Chuck Jones said that… “the whole essence of good drawing – and of good thinking, perhaps – is to work a subject down to the simplest form possible and still have it believable for what it is meant to be.” This seems to be Euan Cook‘s philosophy as he strives for simplicity of line without compromising the expression or personality of his characters. In this fascinating interview, we find out what inspires him and how his surroundings inform his image making.
Your work contains a lot of figurative content, do you draw from life, do you ever draw in public and can you recommend any great places to sketch crowds?
I really enjoy life drawing sessions, but I also carry around a little pocket-sized sketchbook pretty much all the time and draw people in the street, on the bus, while waiting for a train. It’s kind of irregular, there are a lot more opportunities to sit around outside, drawing people in the summer months. But it only takes a few seconds to quickly sketch a pose that someone has made in the street and it’s all catalogued away somewhere in my head for future reference. Living in London, the best place to draw crowds is pretty much any busy street you can find a spot to sit in. But it’s a lot easier to draw people when they are focusing on something else, so my favourite place to sketch crowds is at live music events, where there is loads of social interaction going on and everyone is too busy watching the band to realise that they are being drawn.
Do you think there are gaps in the market for more heavily illustrated fiction for young adult readers?
Definitely. It’s sort of reflective of a wider gap in the visual, creative education of teenagers. At primary school age children are surrounded by amazing illustration and encouraged to draw and express themselves through visual, non-verbal means. But when they get a bit older the illustrations mostly disappear and so does their artistic education. At the same time teenagers are trying all sorts of new things, finding out what they like, developing deeper understandings of the things around them. If you presented young adult readers with some insightful, relatively mature illustrated texts or graphic narratives they would absolutely love it! Perhaps there is more interest in making illustrated fiction for young adults elsewhere in the world, but in the UK there is definitely some sort of stigma where illustrated books are seen as just being for young children or something. It’s funny, teenagers still love the Quentin Blake illustrated Roald Dahl books and Maurice Sendak illustrations as much as kids and adults do, yet very little is really aimed at their age group.

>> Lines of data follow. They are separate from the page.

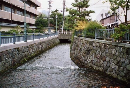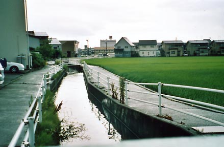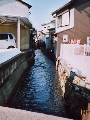 鞍月用水は犀川上菊橋の上流の油瀬木(菜種油をとるために水車を回さなければならず堰を作った)を取水口として、城南、菊川町、鱗町、里見町、香林坊、長町、芳斎町、六枚町、西念、念法寺、鞍月小の近辺を幾筋にも分かれながら、大野川河口へと繋がって行く。何箇所も暗渠部分があるが、香林坊から三社までの区間は近年になって綺麗に整備され用水を見ながら散策できるようになった。特に夕暮れ時に香林坊に向かって歩きながら用水の流れを見ると、これから何か新しい事が起こるかもしれないという期待と不安感がないまぜになって時間の経過とともに胸一杯に広がっていく。 1644~1648年頃、油屋与助によって作られたというこの用水は菊川近辺の農業用水、油車では製油、精米業の水車の動力用に、それからさきの三社までの街中は防火用水、生活用水として利用された。三社を起点に鞍月用水は一部は大野庄用水と合流し、一部は北安江、西念、鞍月などでは幾筋の分流を作りながら農業用水として利用されている。 川幅は1.5メートル〜6.4メートルで、かっては金沢市の西北部13ヶ村、8千石を潤す大用水であった。 総延長は15キロ内外か。当時はともかく、今、油瀬木に立ち留まって犀川を眺めているとこのあたりの河川堰や堤防は貧弱で一旦大雨が降ったりして堤防が決壊したりすると、このあたりから菊川、新竪校下、片町あたりは土地が低くすべて水没する危険性をはらんでいることをこの用水探索で感じた。 ・加賀藩時代の絵図である。鞍月用水は図面の右下から上に伸びて辰巳用水と合流していることがわかる。 ・辰巳用水と合流した鞍月用水は絵図の下真中あたりから、村井家と長家の間を縫いながら流れて行く。 右の上へ真っ直ぐ延びている分流水は升形を通り越して東別院の横に沿って流れてゆく。この用水はよく氾濫して近辺はよく床下浸水した。現在は暗渠になり、流れもなくなったのか。 これから紹介する写真は現在の上流から下流にかけの順番である。 ・鞍月用水の取水口、油瀬木である。対岸から写したのでみにくいが、正面に水門が確認できる。 ・鞍月用水取水口の近景である。遠くにみえるのは上菊橋である。右は城南である。 取水口から流れは暗渠になって人々の目に触れなくなる。 この流れを利用して藩政時代はいろいろな産業が発祥した。染物業もその一つだろう。 ・これまで暗渠部分が殆どだったが、菊川町の周辺になって民家の間を縫うように流れは走って行く。 水量はかなりあり、流れも速い。 ・用水は菊川町を過ぎ、石川県幸町庁舎の前を通りすぎ鱗町交差点を横切り鱗町になって再び表に顔を出す。 このすぐ下流に水車を利用した製粉場が昭和40年代まであったように思う。 藩政時代から続く水車を利用して菜種油を絞った製油業の多田油店もこの近くの竪町にある。 ・西へ向かって走る用水は里見町周辺を竪町にある教会の横へと繋がって行く。 ・竪町の教会まえを通りすぎた流れは、宇都宮書店前で辰巳用水と合流する。 ・合流した二つの流れは蛇の目寿司本店の前を通り、繁華街の香林坊交差点を横切り香林坊109の前に顔を出す。 五木寛之作詞、弦哲也作曲で歌われる「金沢望郷歌」にも「小松砂丘の句が残る 過ぎ行く歳月よ 街は変われど辰巳の用水は今日も流れて・・・・」と詩われるが、正確にいえば辰巳と鞍月の二つの流れはということになる。 香林坊の交差点を暗渠で通過した用水は右折して柳が植えられた用水沿いの街を勢いよく流れてゆく。水量も豊富で街路も整備されて、一昔前この用水を跨ぐようにして飲食店があり大小便が垂れ流しであったなど知る人も少なくなった。 ・合流した二つの流れは、何故か鞍月用水と呼ばれている。辰巳用水は城の中で終わりということだろう。 香林坊109の裏手から流れは中央小学校へ向かって流れて行く。 ・左にあるこの小学校の土地は以前は倉庫精練という染色会社のあったところである。 まだ環境問題がやかましくなかった頃、この用水に染色のあとの水を流すものだから川の色が赤になったり、青になったり、黄色になったりした。ここは藩政時代は家老の村井家の屋敷のあったところである。 この豊富な用水を利用して明治になってから、日本では富岡製糸場につぐ規模の金沢製糸場が開業した。 繰糸機100台、女工200人というから相当な規模である。 この製糸場に隣接した長家屋敷あとでは金沢撚糸会社が発足した、やはりこの鞍月用水を利用した事業だった。 この用水を利用して津田式力織機を動かし、後の津田駒工業の礎となった因縁のところである。 ・鞍月用水が最も脚光を浴びた場所を通り過ぎ、流れは再び民家の裏へと回遊するように進んでゆく。 ・鞍月用水の六枚町交差点の水門管理棟である。 ここからしばらく開渠がつづくが、すぐに暗渠になる。 ・表通りに面したところは殆どが修景されている。これから先のところで分流があり、一部は大野庄用水と合流し木曳川
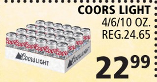 Coors light 4/6/10 oz.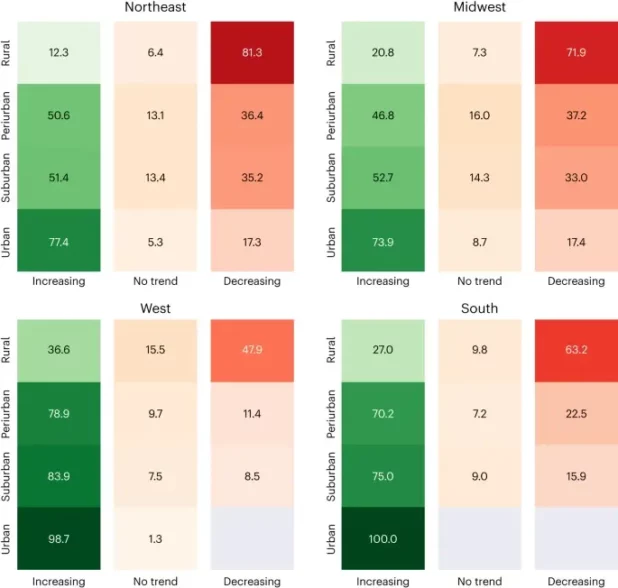 Researchers at the University of Illinois Chicago used population projections to find that, by the year 2100, almost half of nearly 30,000 cities in the US will experience a population decline.

As a recent graduate which elements of training did you most enjoy?
Studying illustration was amazing, the degree course down in Falmouth covered so much ground and introduced me to so many ideas that I now take for granted. But the best aspect was simply being surrounded by other people who were all equally passionate about illustration. Being able to bounce ideas off any of the people around you, getting feedback off tutors who could see beneath the surface of your work and just regularly being exposed to brilliant things you had never seen before, simply being in that environment every day was the most enjoyable thing.
Are there any new and exciting graphic novel illustrators you are a particular fan of?
I’m not sure if he is quite new enough since he has released a couple of English language comics and won a bunch of awards in the last few years, but I get very excited about Brecht Evens. His first book The Wrong Place is just bursting with life, all the characters, emotions, energy and social interaction of a city coming out to party at night. The artwork is absolutely beautiful and it just seems to hit the nail on the head with certain social observations and character interactions.
As a busy professional do you still find the time to draw for pleasure?
I have found it difficult in the past to make time for recreational drawing when working on a deadline, you end up focusing everything you have on the work and it can be very hard to loosen up again. These days I start a day’s work with some warm up drawings, where I just draw anything that comes to mind, to get my hand in and my mind working. These tend to be any old things and I like to work loosely with a brush. There are a few types of thing that I keep going back to in my spare time as well, tarot card style symbolic figures and nocturnal urban landscapes, both of which also end up feeding into projects I am working on in my spare time. So it can be difficult to get into the head space of drawing for pleasure but it absolutely pays off in informing your professional work, both directly and just in terms of keeping your eye in. And just keeping you excited about drawing!
You have a brilliant website packed with beautiful illustrations, do you find having your own online platform is a great way of publicising your work?
It is really nice to have somewhere to curate your work, display what you are most interested in and try to create a cohesive overview of your stuff for people to see. I’m not sure how big a part it plays in publicising my work overall, but it is always the touchstone for introducing myself as an illustrator, the first place I will send people to see my stuff is my website, the contact details I give to people are my name, email address and the address of my site.
You can pack a small tin pencil case with three tools of your trade what will you choose?
A soft pencil, a pen knife to sharpen the pencil to a ridiculous point and a brush pen filled with Quink, with a big old pointy brush tip.